The 2007 start date is subject to high earlier years sequence of return risk factor coming to light (2008/9 financial crisis). For instance a investor concerned about SORR might have opted for 25% in each of BRK, FT250, Gold, Cash (fixed income), buy and hold (no rebalancing), taking 4% SWR income from whatever asset had the highest value at the start of each year. Comparing that to TJH HYP accumulation and from a start date of 1987 the % of gold being held relative to total portfolio value declined progressively, down into single digits. There were opportunities to migrate that (and the cash) over to stocks, for instance 22 odd years into the sequence (when the SWR relative to ongoing portfolio value was down at around 1.5% levels) migrating cash and gold over to stocks when the more volatile HYP was relatively down, and subsequently that achieved the same/similar overall total return from then on (and forever more). In contrast started in 2001 and there were similar opportunities to migrate cash/gold across to stocks at considerable discount, in effect ended up with 75% more capital value from that point onward.

Lower risk (early years SOR risk in holding a initial more defensive asset allocation), potential for around the same (1987 start date i.e. prior to a strong Bull run) or possibly considerably more reward (75% higher capital value in the 2000 start date case that preceded a more Bear/Bunny type era).

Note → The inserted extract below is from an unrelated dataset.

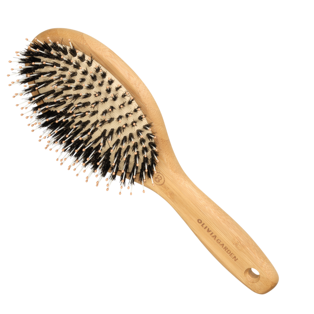 Поєднання щетинок кабана та нейлону плавно розплутує, одночасно підсилюючи природний блиск для гладкого вигляду. Ця щітка, ідеально підходить для волосся середньої та довгої довжини, делікатно розгладжує волосся, підходить для розподілення олій для здорового вигляду волосся. Бамбукова ручка, сертифікована FSC, забезпечує м’яке, природне відчуття для легкого укладання.
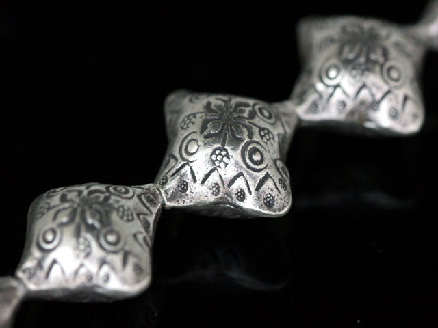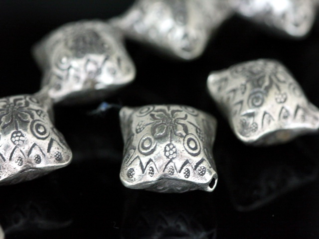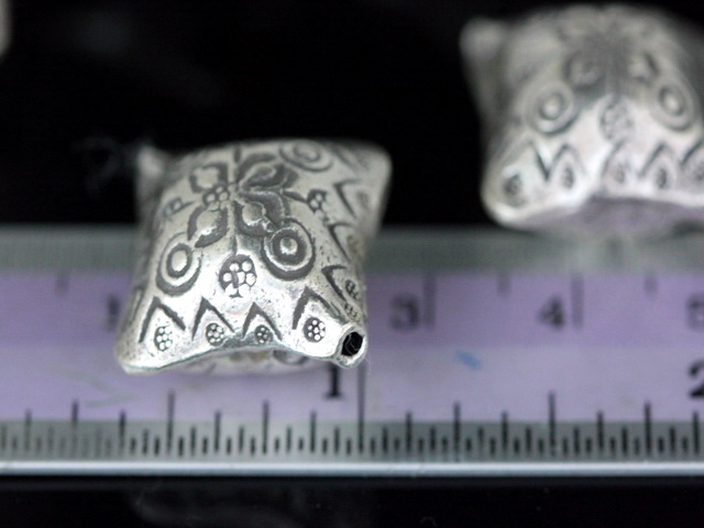 KV-017 thai karen hill tribe silver 1 fancy print square puffy bead

The C5 is in effect painting that sort of similar picture.

Buy and hold is the same as cost-less lumping in every day. The indications I see are that lumping into a HYP at the point of transition from accumulation into retirement is riskier than other options that are less prone to SORR. That risk looks to be uncompensated or relatively marginal if a strong Bull era follows, or quite costly if a Bear/Bunny era follows. All-stock/HYP can be fine once retirement is established, where the capital value might have grown to levels where the income being drawn was a relatively small percentage compared to the ongoing portfolio value, but where the volatility is such that other more defensive initial choices could migrate over to all-stock/HYP at a later date to end up having achieved the same or a better overall outcome.